> **Problem description**
Word for word, output every line of the material below, minus pictures.

> **Exercise data**
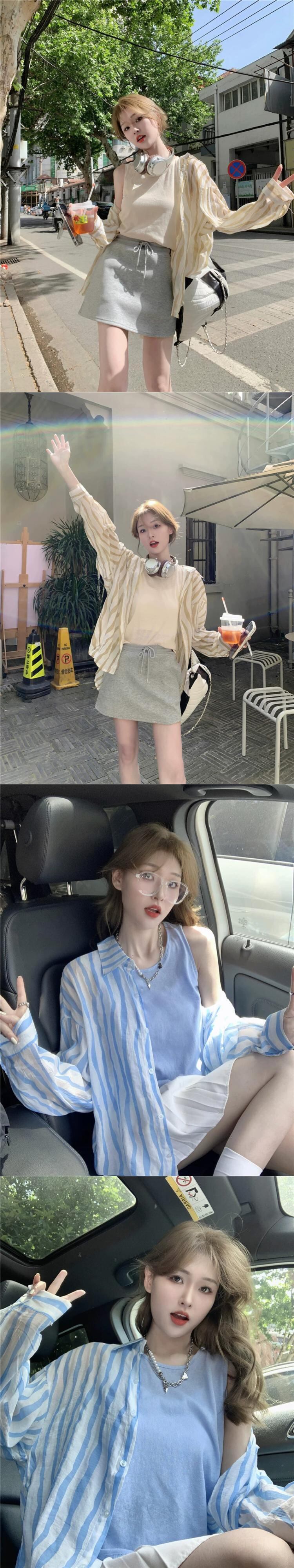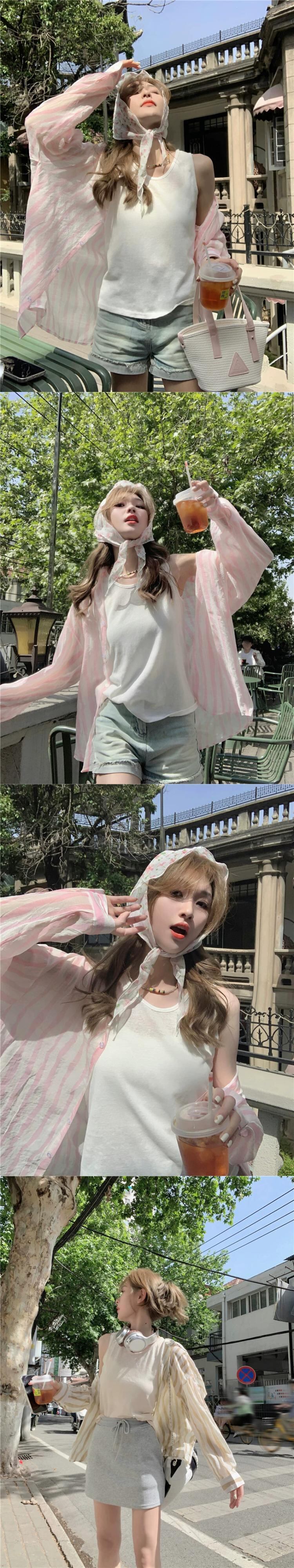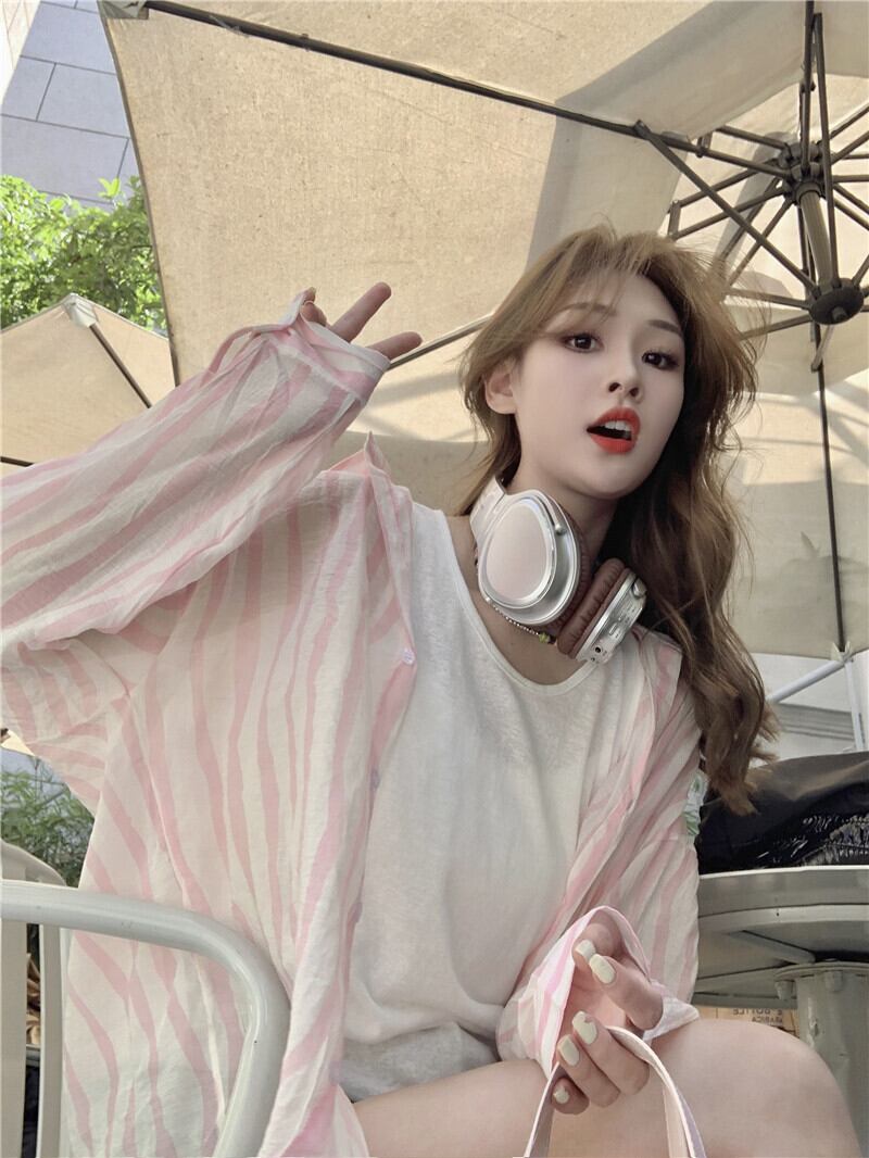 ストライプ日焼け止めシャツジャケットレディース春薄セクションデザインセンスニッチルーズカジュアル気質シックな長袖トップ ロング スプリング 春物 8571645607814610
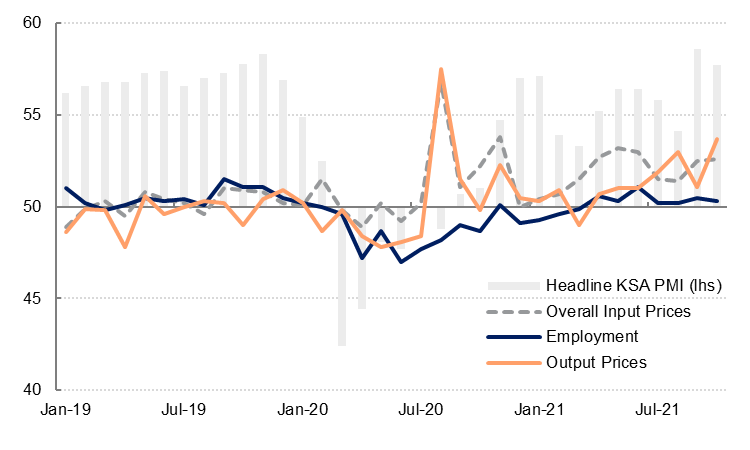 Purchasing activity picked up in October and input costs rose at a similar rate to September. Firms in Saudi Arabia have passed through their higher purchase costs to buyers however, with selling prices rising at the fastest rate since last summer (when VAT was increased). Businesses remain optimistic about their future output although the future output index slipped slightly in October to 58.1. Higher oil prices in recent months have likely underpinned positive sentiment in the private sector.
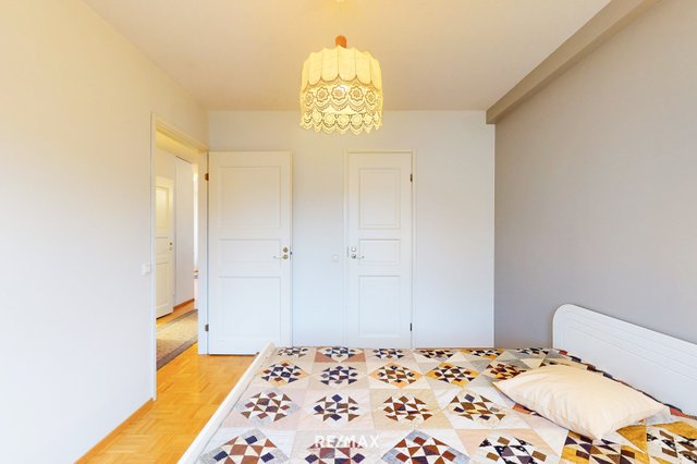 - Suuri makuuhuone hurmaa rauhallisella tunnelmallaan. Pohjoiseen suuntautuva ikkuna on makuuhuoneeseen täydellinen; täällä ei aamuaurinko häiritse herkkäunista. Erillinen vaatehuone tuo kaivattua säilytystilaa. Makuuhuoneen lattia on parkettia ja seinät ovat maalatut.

> **Result for this exercise**
 ストライプ日焼け止めシャツジャケットレディース春薄セクションデザインセンスニッチルーズカジュアル気質シックな長袖トップ ロング スプリング 春物 8571645607814610
 Purchasing activity picked up in October and input costs rose at a similar rate to September. Firms in Saudi Arabia have passed through their higher purchase costs to buyers however, with selling prices rising at the fastest rate since last summer (when VAT was increased). Businesses remain optimistic about their future output although the future output index slipped slightly in October to 58.1. Higher oil prices in recent months have likely underpinned positive sentiment in the private sector.
 - Suuri makuuhuone hurmaa rauhallisella tunnelmallaan. Pohjoiseen suuntautuva ikkuna on makuuhuoneeseen täydellinen; täällä ei aamuaurinko häiritse herkkäunista. Erillinen vaatehuone tuo kaivattua säilytystilaa. Makuuhuoneen lattia on parkettia ja seinät ovat maalatut.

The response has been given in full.